The number of player for a given level is quite unequal with minimum of 674 and a maximum if 3373 (for level 15). Although the num of players varies a lot, the number of success is rather constant among levels with a mean of 705 and std of 137. Level 15 is again an except 1157 successes. The barplots suggests that the *number of players*, *number of attempts* and the *attemp/succes ratio* are strongly positively correlated while the *success ratio* is negatively to these three variables. The *number of success* is rather independent of these values. The heatmap of the correlation coeffcient confirms this observation.

This means that, as expected, the hard level (low *player_win_lose_ratio*) require more attempts on average to succeed. But surprisingly, the hard levels are also the most played ones. Below I show the relation between *difficulty* (taken *1/player_win_lost_ratio*) and *num player*.

In [None]:
reg = LinearRegression()
temp = level_df.sort_values(by='player_win_lose_ratio')
y = temp['num_players'].values.reshape(-1,1)
X = temp['player_win_lose_ratio'].values.reshape(-1,1)

sns.regplot(data=level_df, x=1./level_df['player_win_lose_ratio'], y='num_players',order=1,robust=True)

The number of player seems to be linearly correlated with difficulty. If true, the number of player of level 8 is representative while the number of players of level 15 is an outlier. My interpretation is that a player is more likely to share his score with his friend (e.g. on social media) when he succeed or gets a high score on a hard level. Therefore his friends attempt the level too etc... Obviously, as a company King would be interested to produce levels like 8 and 15 that bring in more players. However, easier levels are important to attract new players, and in order for a lot of player to play the same hard level, the number of hard level must not be too hard (otherwise everybody would be playing different levels and the number of play cannot snowball).

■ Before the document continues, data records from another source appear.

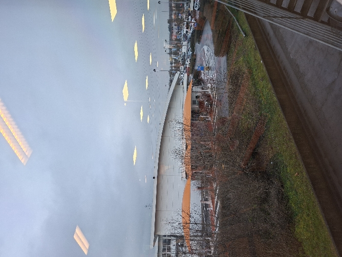 The image depicts an exterior view of a commercial complex in Foetz, Luxembourg, observed through a window that reflects interior lighting fixtures. The sky is uniformly overcast. In the foreground, a metal stair railing is visible on the lower right. A concrete retaining wall runs horizontally, separating a wet, paved asphalt surface from a narrow grassy embankment. This embankment features dormant, leafless deciduous shrubs and small trees. In the midground, a single-story commercial building with a white, gently sloping roof and white exterior walls is present. Directly in front of this building, an outdoor dining area is covered by multiple large, orange-tan rectangular awnings. This area contains tables and seating. Adjacent to this structure, a wet asphalt roadway forms a small roundabout with white chevron markings. More bare trees and sparse vegetation are scattered throughout this area. The background consists of an extensive parking lot populated by numerous parked passenger vehicles of various colors. Multiple streetlights are visible across the parking area. Distant commercial buildings and the upper portions of trees are discernible beneath the cloudy sky. No individuals or specific actions are identifiable within the scene. The overall environment suggests damp conditions, with wet surfaces and dormant vegetation.
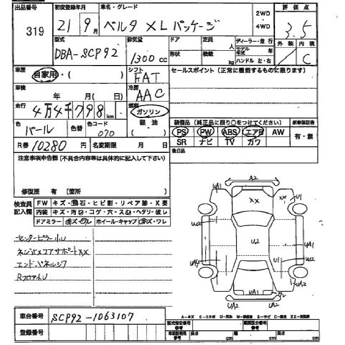 TOYOTA BELTA XL PG - лот 319
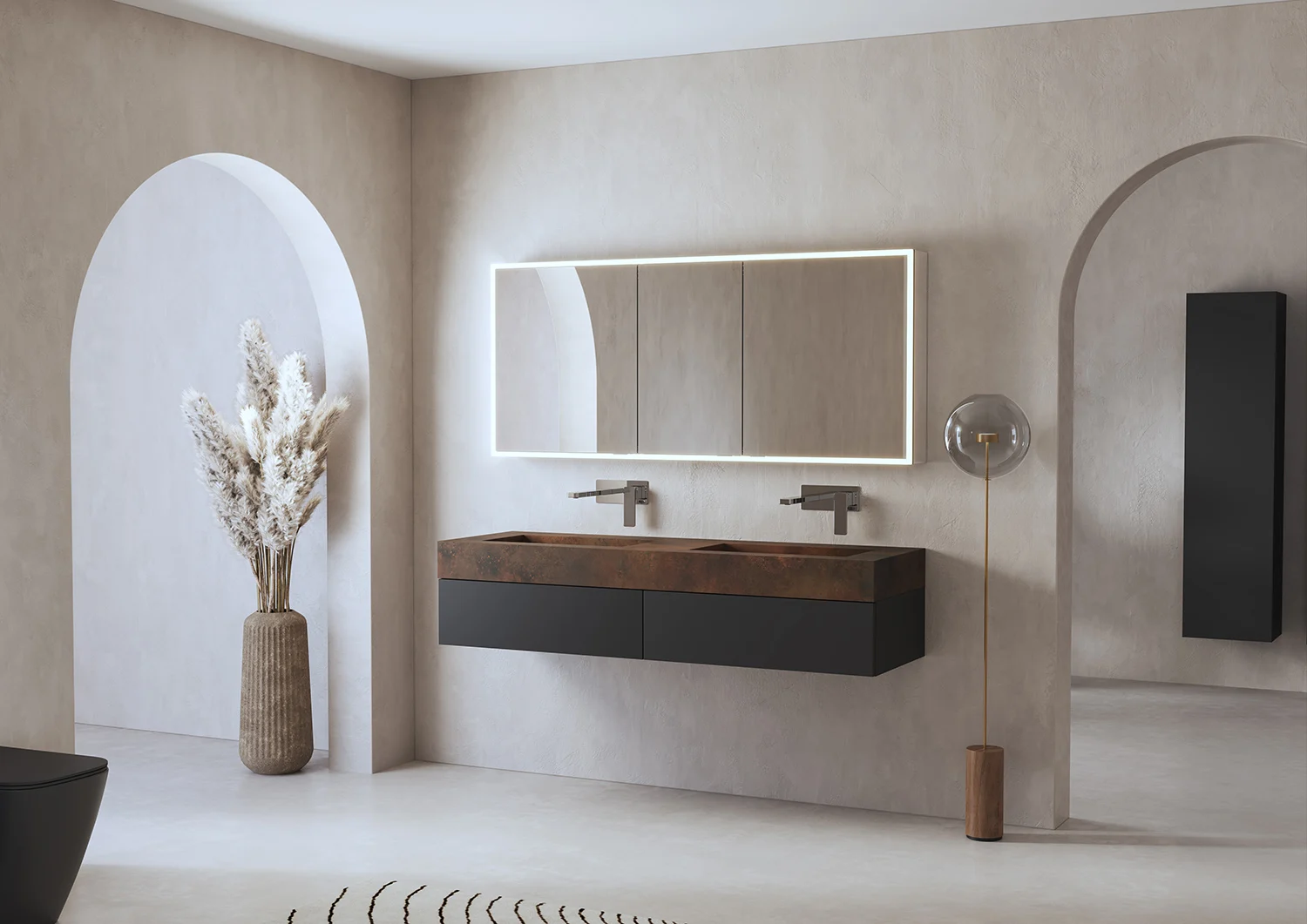 ALLUVION Pluto Spiegelschrank 140 cm, Aufputz, 3-türig
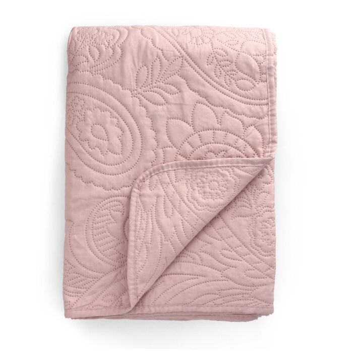 afmetingen van de sprei, die 200 cm x 220 cm zijn, zorgen ervoor dat deze op de meeste bedden past. Het materiaal van de sprei is versierd met een reli�f,bloemen- en bloemenpatroon, wat in combinatie met de roze kleur de sprei een delicatesse geeft die vaak wenselijk is bij het decoreren van dit type interieur. Het romantische karakter van de sprei past heel goed in klassieke slaapkamers in felle kleuren, waar delicate accessoires de overhand hebben.
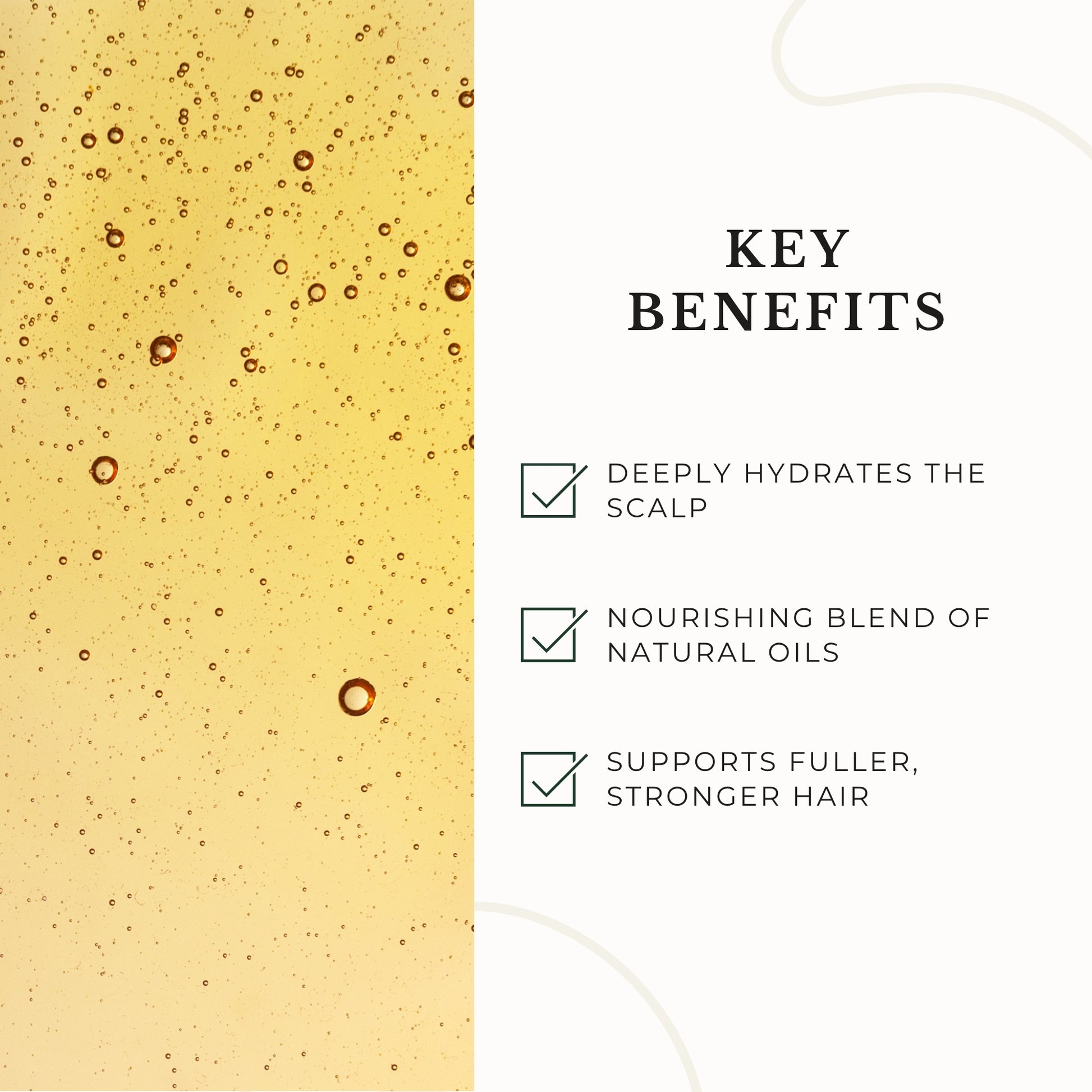 The combination of Jojoba, Argan and Almond Oils deeply hydrates the scalp and hair, preventing dryness and promoting a smoother texture.
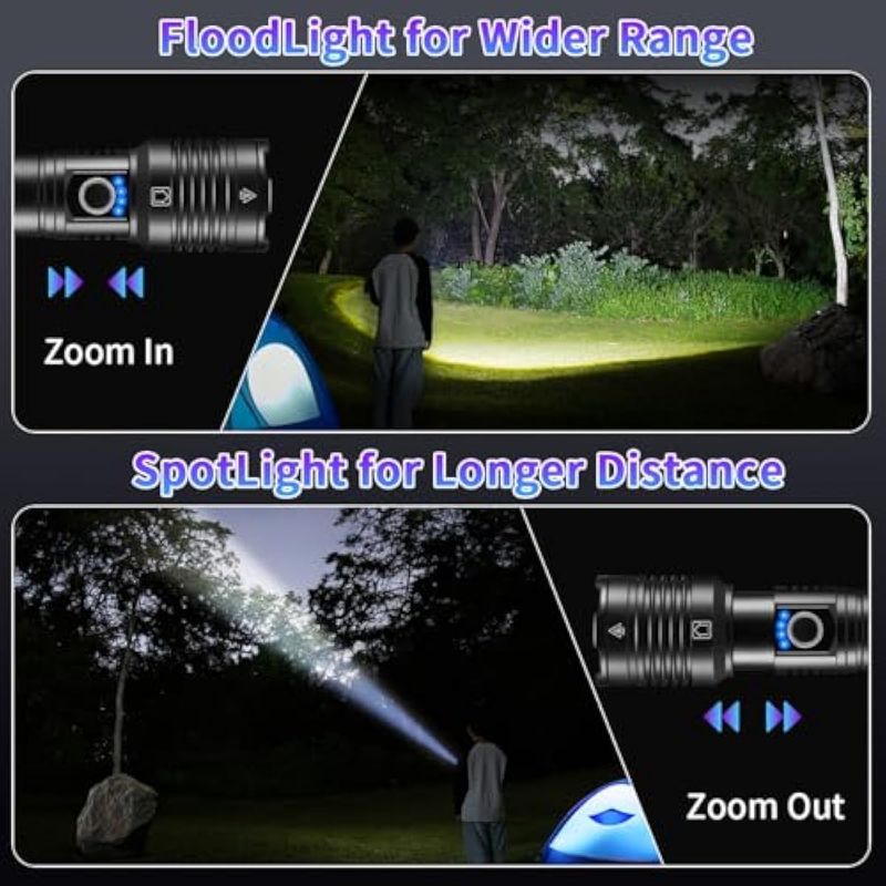 Linternas recargables de alto lúmenes: las linternas LiupTiuo de alto lúmenes equipadas con chip LED de alta potencia mejorado, pueden proporcionar brillo de hasta 990.000 lúmenes. Nuestras linternas recargables superbrillantes con cuentas LED superbrillantes pueden iluminar objetos lejos de 1,000 pies de distancia.
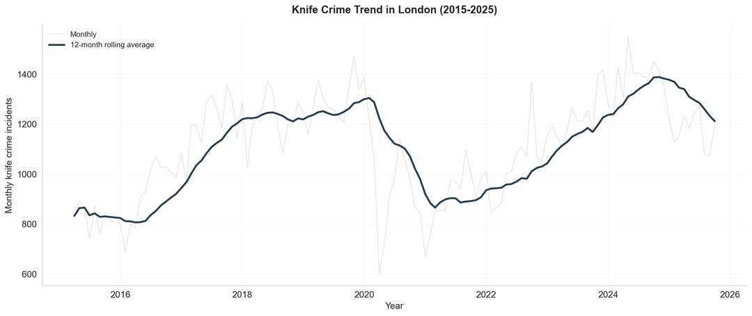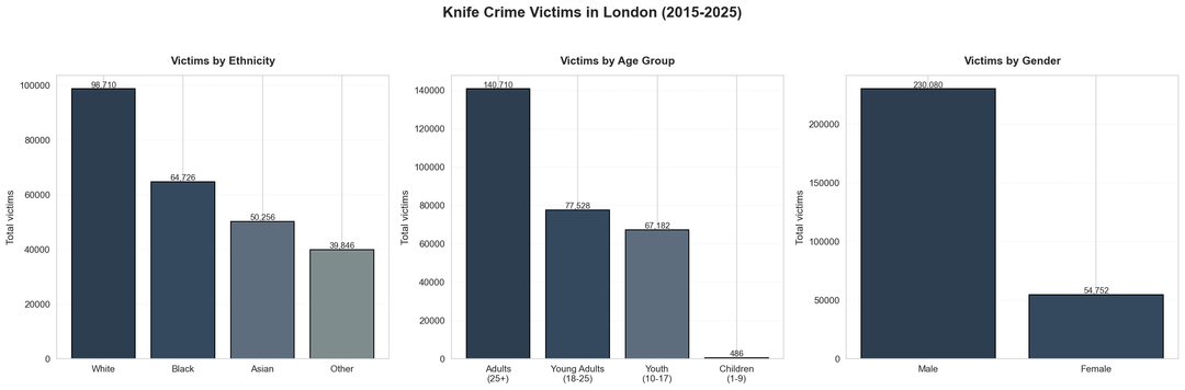 So according to that first image, middle chart… if we add up the totals of the bars, 140k, 60k and 80k, it means there have been 280k knife crime victims in London in a decade.
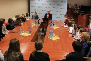 Urząd Miejski w Gdańsku. Spotkanie Prezydenta Gdańska Pawła Adamowicza z uczniami IV klasy III Społecznej Szkoły Podstawowej STO.
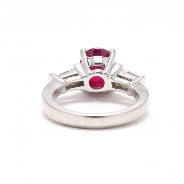Centered on a prong set oval brilliant cut ruby (9.46 x 7.69 x 3.97 mm) weighing approximately 2.24 carats and set to each side with a tapered baguette diamond weighing approximately .42 total carat (G-H color, VS clarity), signed and marked Plat, numbered 20028.
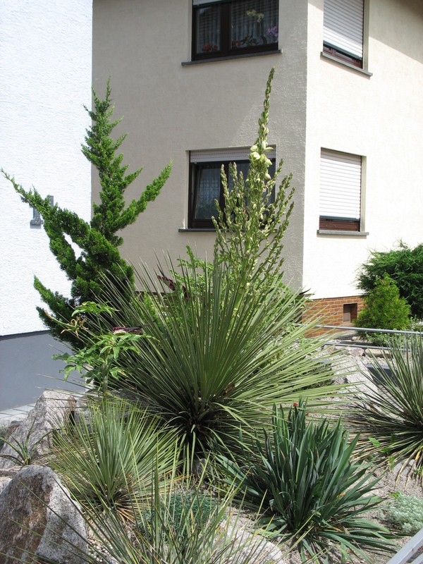 in Blüte. Großer stark verzweigter Blütenstand, ganz ähnlich Y. elata
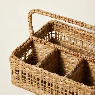 Keep your flatware organized while adding a decorative touch to your kitchen counter or dining table with this Natural Woven Caddy from Hearth & Handβ’ with Magnolia. Showcasing a beautifully woven pattern, this caddy creates an elegant display on the table or kitchen counter. The divided, multiple compartments help keep the flatware separate and organized in one spot. And with the built-in handle, you can easily move this natural flatware caddy from the kitchen to the dining table and vice versa.
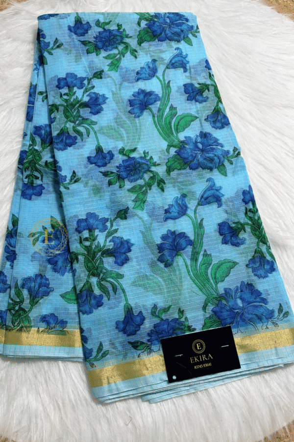 A refreshing blend of elegance and comfort, this Kota Cotton Saree features a beautiful blue base adorned with vibrant blue floral prints. The lightweight Kota weave makes it extremely easy to drape, while the shimmering zari border adds a touch of festive richness. Perfect for daytime events, casual gatherings, workwear elegance, and gifting. Comes with a matching running blouse for a complete coordinated look.
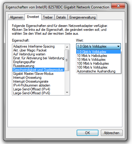 Punkt 3. - Manuell: 1.0 GBit/s Vollduplex
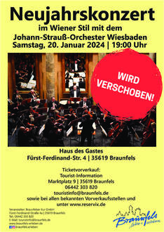 Das Neujahrskonzert im Wiener Stil mit dem Johann-Strauß-Orchester aus Wiesbaden, das am Samstag, 20. Januar, im „Haus des Gastes“ stattfinden sollte, muss verschoben werden. Das Konzert wird voraussichtlich im September nachgeholt.

# Profile of the players playing hard vs easy level

In [None]:
A = df[['player_id','level','num_attempts']].pivot_table(index='player_id',columns='level',values='num_attempts',fill_value=False,aggfunc=(lambda x: np.sum(x)>0))


In [None]:
A.head()

In [None]:
plt.spy(A.values.astype(float)[:10,:])

# Most played levels together

In [None]:
from scipy.sparse import csr_matrix
A_df = df[['player_id','level','num_attempts']].pivot_table(index='player_id',columns='level',values='num_attempts',fill_value=False,aggfunc=(lambda x: np.sum(x)>0))
A = csr_matrix(A_df.values.astype(float))
co_occ_mat = A.T@A


In [None]:
co_occ_mat

In [None]:
plt.imshow(co_occ_mat.todense(),vmin=0,vmax=1000)
plt.colorbar()

The above graph is the co-occurence matrix of levels which indicates which levels are played together by the same player. The non-zero values are grouped as blocked around the diagonal which means that players tend to play a few levels in succession, or they might start with a level and play the ones before or after. Most players who played the first five levels did not play the last five and vice-versa. It looks like most players played five to ten games. We also note that the players who attempted the hardest level 15 often did not play the earliest easier levels. Thus, the anormalously low *player_win_lose_ratio* for level 15 may be explained by the fact that most players who attempted this level did not train on the first easier levels, and thus may not be well prepared for that challenge.

# Conclusion

Harder levels tend to be more popular. My interpretation is that players are more proud to finish a hard level, and therefore they are more susceptible to share their success with their friends. Some casual players might attempt hard levels even if they haven't played the previous levels. Players who attend hard levels would also typically play a few levels before or after.
Hard levels seem important to engage the community, but easier levels must also be important to keep more casual players engaged.